As supply chain management gains importance due to growing e-commerce and ongoing urbanisation, prime logistics space may become scarce. The market has started to reflect this with increased pricing and lower yields which underpins valuations. However, with vacancy rates at historic low levels, rising construction costs and strong demand for modern warehouses, it is anticipated that rental growth will become an important driver for future capital growth in supply constrained areas.
Asset selection, price and tenant quality are key considerations and our Investment Manager has continuously sought to add to and improve the portfolio with this in mind. As the Company seeks to deploy the recently raised funds these factors will be imperative in determining the shape of the portfolio. Once committed, and as markets allow, the Company will continue to build on these foundations and to seek to grow the Company to provide shareholders with a more liquid and diversified investment opportunity in this sector.
Our Investment Manager's asset management team across Europe seeks to add value where possible. This can take the form of extensions to buildings or the addition of solar roof panels to add incremental revenues. ESG is an important element of the Investment Manager's investment process and increasingly discussed by our tenants helping to ensure it is a strategic focus for us.
The European logistics sector continues to grow with the increasing demand from market participants for newer quality warehousing driven by their demand for increased space and the rise in ecommerce operations. The sustainable, inflation protection that we see from longer term leases that our tenants are prepared to enter into and their commitment through increased capital spending on internal fittings should give shareholders assurance of the income and growth strategy that the Company is pursuing. Our Investment Manager continues to see opportunities across a variety of European countries and the intention remains to grow the Company through regular equity raises as and when market conditions allow.

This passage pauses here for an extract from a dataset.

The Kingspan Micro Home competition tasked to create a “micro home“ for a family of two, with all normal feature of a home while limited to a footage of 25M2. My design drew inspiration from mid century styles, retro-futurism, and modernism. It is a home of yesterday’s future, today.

Details on the Company and its portfolio together with up to date information including the latest share price can be found at: eurologisticsincome.co.uk.
Tony Roper
Chairman
24 September 2019
INTERIM BOARD REPORT - INVESTMENT MANAGER'S REVIEW
Introduction
Logistics is one of the most sought after sectors for investors in commercial real estate, thanks to structural drivers such as the rise of e-commerce and an attractive return profile compared to other asset classes. Thanks to ASI's local office network in Europe, we have been able to build a high quality, well-diversified property portfolio with eleven investments in five countries and twenty eight strong covenant tenants. These numbers include the most recent property transaction in 's Heerenberg, which was completed in July 2019. Gearing has been put to work, with an expected loan to value ratio (LTV) at or around 35%, with very attractive financing rates further supporting future income. Further optimisation of the portfolio is underway with a strong focus on ESG, initially concentrating on the installation of solar panels. Further diversification will be realised following the equity raise in July and on the completion of the two proposed deals which are currently in advanced due diligence.

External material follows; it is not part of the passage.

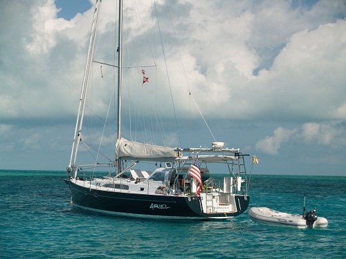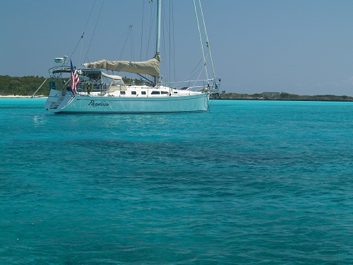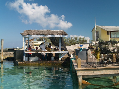 I climbed up on Pandora’s radar arch and took this shot directly down into the water.  Can you say blue sparkly?This is what it looked like forward.  Up ahead, that’s Ariel, the Aerodyne 47 we have been sailing with for the last few days.   Ariel, home to our friends Miles and Loreen, is a remarkable boat and one that can always beat me, even if she is only a bit faster.  Having said that, she is in different league and is perhaps the only boat I’d trade Pandora for.  Unfortunately, I’d have to have two of Pandora to make the trade about equal.    She’s fast and elegant.  I always look for ways to photograph Pandora looking lovely in her native environment.  This view is a particularly fetching one.    Even Pandora appeared to be a lovely blue. And just off of our starboard beam, the Little Farm’s Cay Yacht Club.   The proprietor has a great name, Roosevelt Nixon.  He’s a very nice guy.   I love the colors that buildings here are painted.  Very bright and fun.  In our little New England town,  the “decorum police” would burn the place down overnight if we painted our home this bright a color.   Here, it works.To get the most out of the day we spent several hours looking for shells on nearby beaches and came back with a spectacular haul.   After that Brenda and I toured the harbor enjoying the sights.  The community fish cleaning station was pretty busy.  These guys had speared a few large groupers and were happy to show off their catch.

Logistics sector benefiting from strong fundamentals
The demand for logistics investment in Europe remains strong, with investment activity at high levels and with capital values recording strong growth in most markets. Some of this appreciation in value is driven by higher investment demand and lower required rates of return sought by investors, but we are also seeing increasing market rents as a driver in many markets. The capitalisation of higher rental levels is expected to become an additional source of value growth over the next few years, particularly in the urban logistics segment and in key logistics areas where land supply constraints are limiting new developments.
We believe that many of the key drivers behind the demand for logistics space in Europe remain strong and are likely to be long-term and structural in nature rather than simply linked to the economic cycle. Despite the more recent benign levels of economic output, the structural shifts in consumption patterns and overall demand drivers are likely to remain supportive, while construction levels remain relatively low.
While the overall outlook for logistics is positive, we believe there will be a growing differentiation between different types of logistics property. Our research suggests that both the location and the efficiency of the asset are becoming increasingly important, and that tenants are increasingly focused on the environmental impact of their logistics operations. These are important criteria to be considered when building a real estate portfolio that will benefit from this strong fundamental demand for logistics in Europe.
Well-diversified property portfolio with modern specifications
The first half of 2019 has resulted in the purchase of six properties (with an aggregate net purchase price of EUR140.8 million), including five newly-built warehouses, partly funded through four loan transactions (EUR92.9 million). Acquisitions completed in the first half of 2019 were: Erlensee (net purchase price of EUR32.3 million), Krakow (EUR23.9 million), Leon (EUR15.4 million), Meung sur Loire (EUR23.5 million) and the two forward fundings in Oss and Zeewolde (EUR15.7 million and EUR30.0 million). In July, a further property transaction was closed in 's Heerenberg, the Netherlands, for EUR24.0 million which was partly financed with a loan facility of EUR8.0 million provided by Berlin Hyp. The final tranche of a Dutch loan facility still needs to be drawn, most likely in October 2019, which will bring the total loan portfolio to a size of EUR108.9 million and resulting in a portfolio consisting of eleven income producing assets, with gearing at or close to the targeted ratio of 35%.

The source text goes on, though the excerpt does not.